Plocamopherus lemur

Scientific classification
- Kingdom: Animalia
- Phylum: Mollusca
- Class: Gastropoda
- Order: Nudibranchia
- Family: Polyceridae
- Genus: Plocamopherus
- Species: P. lemur
- Binomial name: Plocamopherus lemur Vallès & Gosliner, 2006

= Plocamopherus lemur =

- Authority: Vallès & Gosliner, 2006

Species of gastropod

Plocamopherus lemur is a species of sea slug, a nudibranch, a shell-less marine gastropod mollusk in the family Polyceridae.

== Description ==
The body shape is elongate, limaciform and anteriorly rounded. The oral veil has 18 ramified appendages that differ in length. The oral tentacles are flat. Plocamopherus lemur has a brownish background color heavily speckled all over the body with minute brown dots, and minute orange dots that are clustered to form orange patches. White pigment is present in front of the branchial leaves, around the lateral appendages, at the base of the rhinophores and along the crest. This white coloration is situated on the notum along a non-continuous line at the margin of both sides of the animal and joining behind the branchial leaves. White pigment is also present along the margin of the sides of the body, the oral veil, tips of branchiae and clavus of the rhinophores.

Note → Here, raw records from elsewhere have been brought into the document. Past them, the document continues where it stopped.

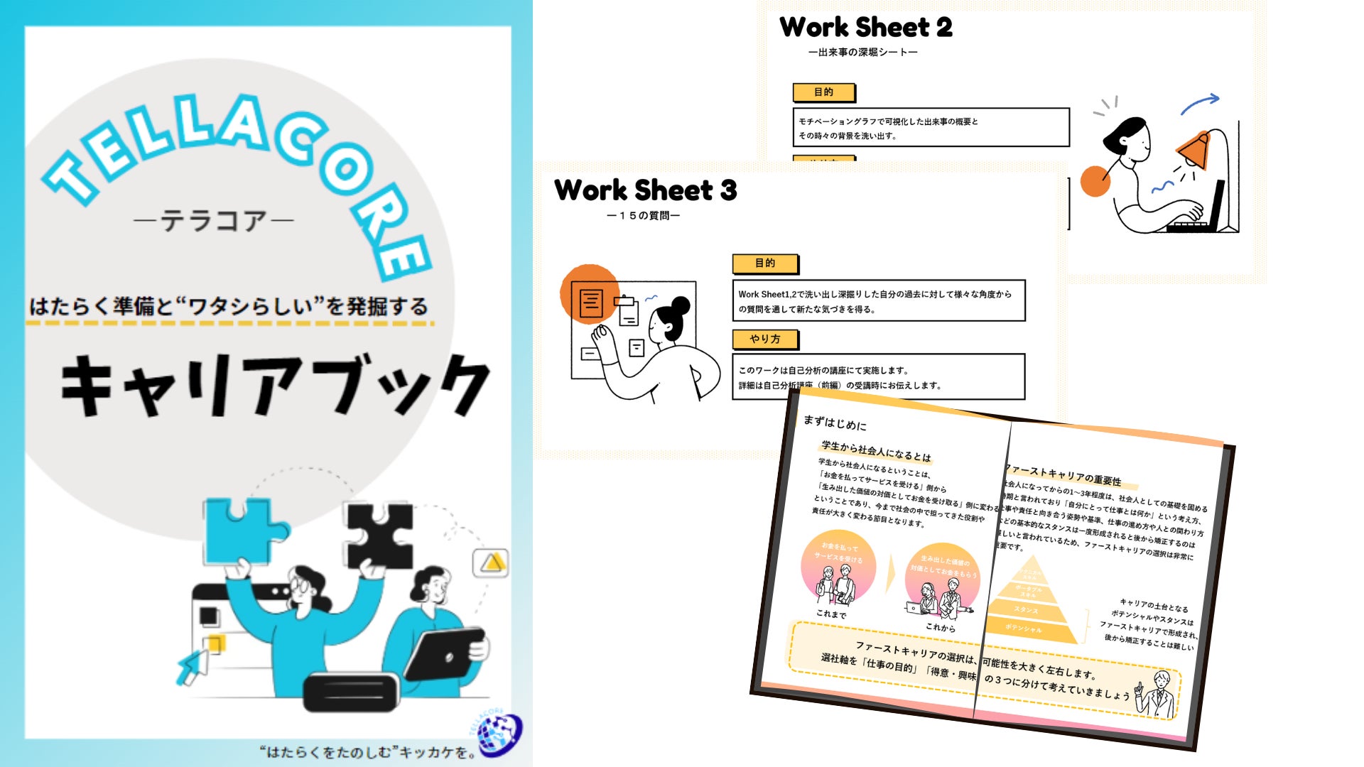 自分らしくはたらくうえで、自己理解を深めることが重要だと考えています。学生一人ひとりが"わたしらしさ”を見つけるため、当社独自コンテンツの「キャリアブック」を製作。学生が自身とはたらくことへの理解を深めることができます。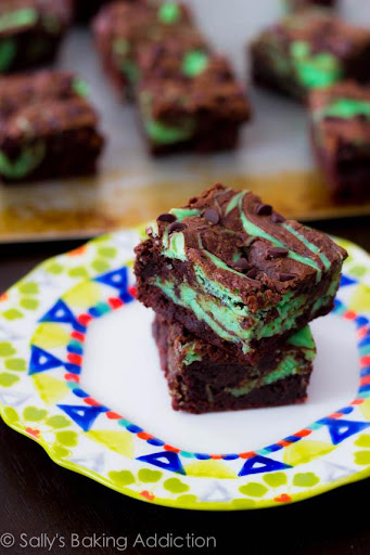 4.Make the cheesecake swirl: With a hand-held mixer on medium speed, beat the softened cream cheese, 1/4 cup sugar, egg yolk, 1/4 teaspoon peppermint extract, and 2 drops of food coloring in a medium bowl until completely smooth - about 1 minute. Manually stir in the mini chocolate chips. Dollop spoonfuls of the cream cheese mixture on top of the prepared brownie batter. Cover with the last 1/4 cup of brownie batter. Glide a knife through the layers, creating a swirl pattern. Add more mini chocolate chips on top, if desired.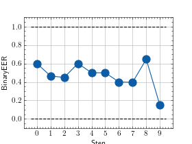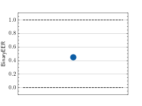 \[\text{EER} = \frac{\text{FAR} + (1 - \text{FRR})}{2}, \text{where} \min_t abs(FAR_t-FRR_t)\]The Equal Error Rate (EER) is the point where the False Positive Rate (FPR) and True Positive Rate (TPR) are equal, or in practise minimized. A lower EER value signifies higher system accuracy.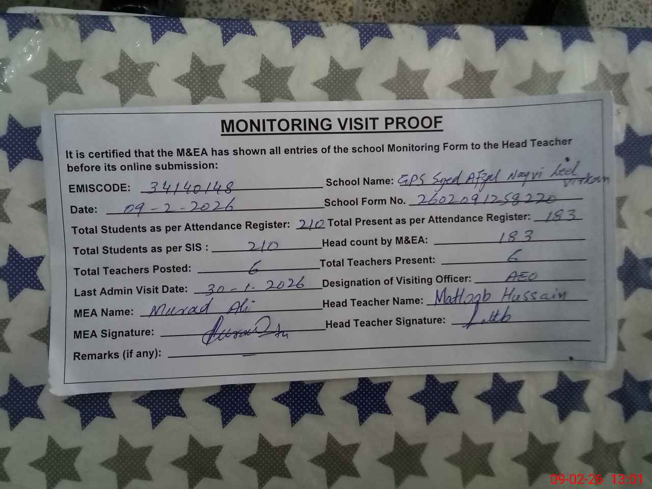 | Attendance Register | Head Teacher | MEA with School | Visit Proof |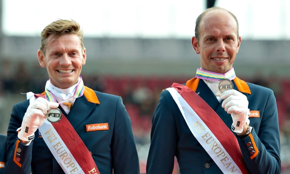Hans Peter Minderhoud and Edward Gal pose with their Silver medals at the 2013 FEI Dressage European Championships in Denmark (Henning Bagger/AFP/Getty)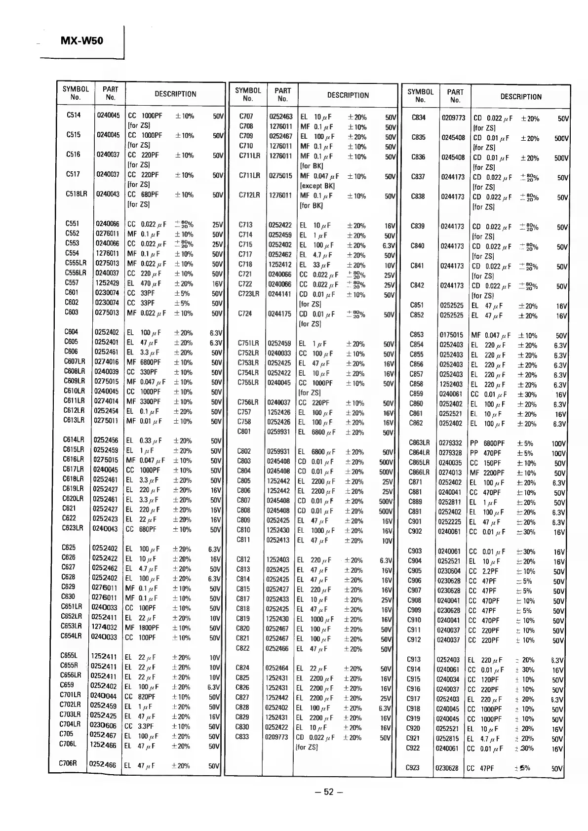 Hitachi MX-W50 - Diodes; Transistors; Variable Resistors; Coils & Transformers
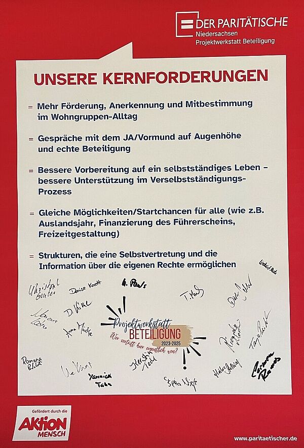 In Niedersachsen sind diese Fragen im Kontext der Hilfen zur Erziehung, Pflegefamilien und Erziehungsstellen nicht einfach zu beantworten. Deshalb haben wir 2023 die Projektwerkstatt ins Leben gerufen, die sich an junge Menschen ab 14 Jahren in stationären Hilfen zur Erziehung, Pflegefamilien und Erziehungsstellen, richtet. Das Projekt wird von Aktion Mensch gefördert.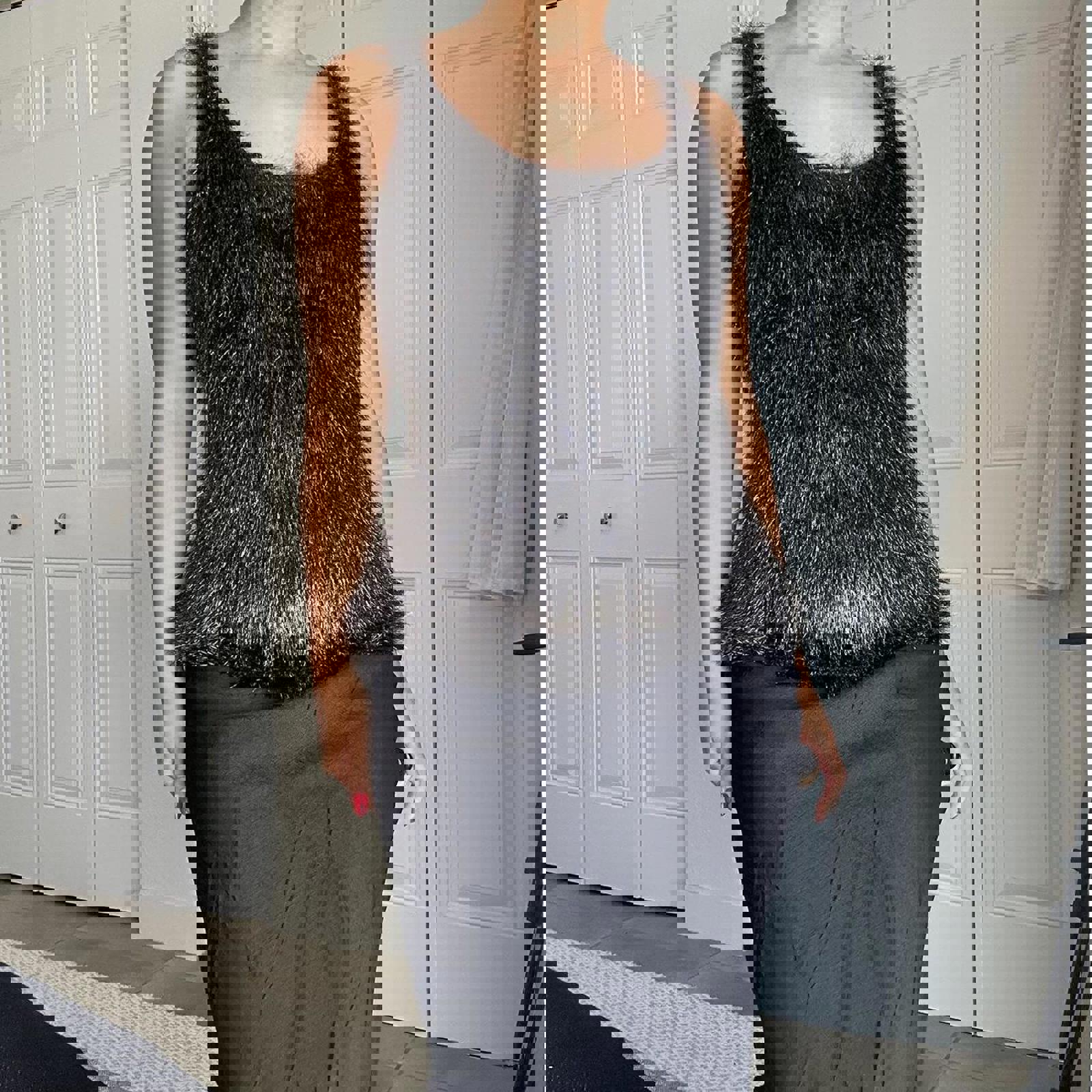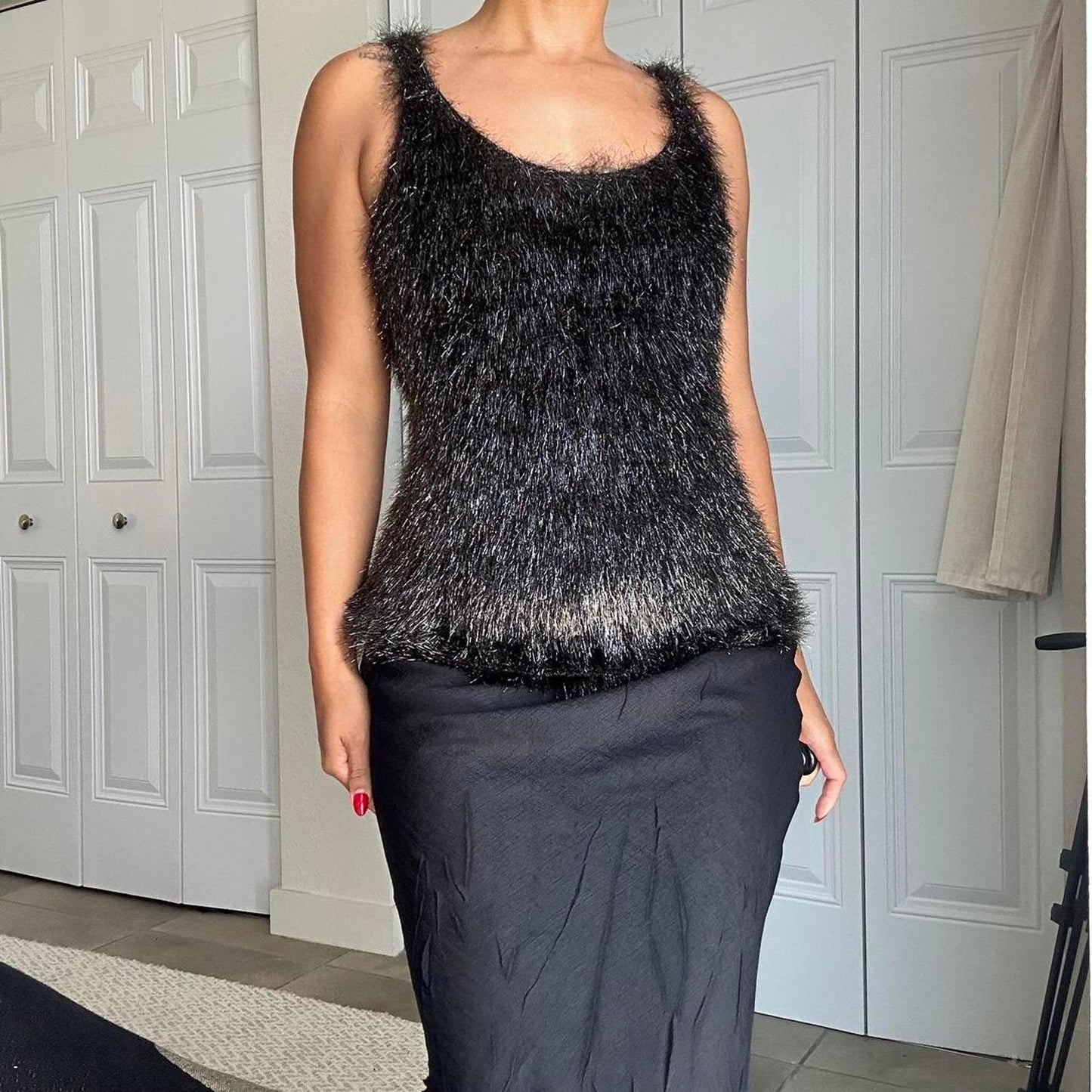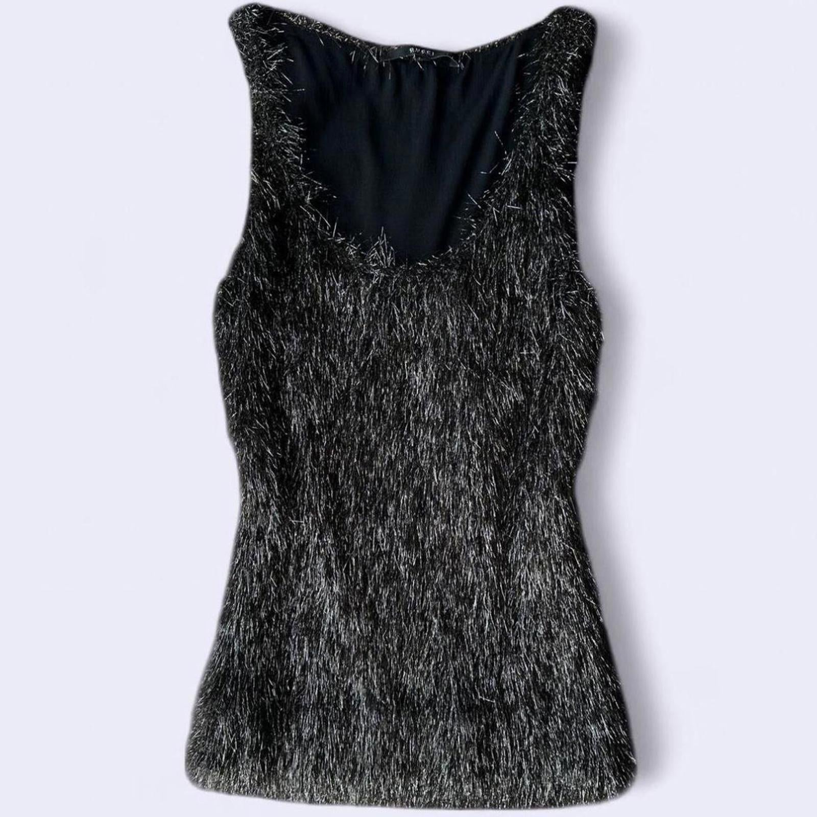 458. Vintage Gucci x Tom Ford Black and Silver Tinsel Fringe Tank Top Size XS Women's. Absolutely perfect condition, a true statement piece

At the peduncle, the rhinophores are translucent and the clavus is translucent with a white apex. The rhinophoral sheath is short with clusters of orange dots. There are three pairs of lateral appendages, with only the last pair forming a rounded, brown, and prominent globular structure. All lateral appendages are conical having a short but highly ramified prolongation at the apex. The first two lateral appendages are very short and the last pair is very elongate. Six to eight small tubercles are present at each side of the animal. There are three principal tripinnate branchial leaves. The posterior portion of the foot forms a well-developed but short keel that is fringed on its upper margin.

== Distribution ==
This species was described from Madagascar. It has also been reported from the Seychelles and Aldabra.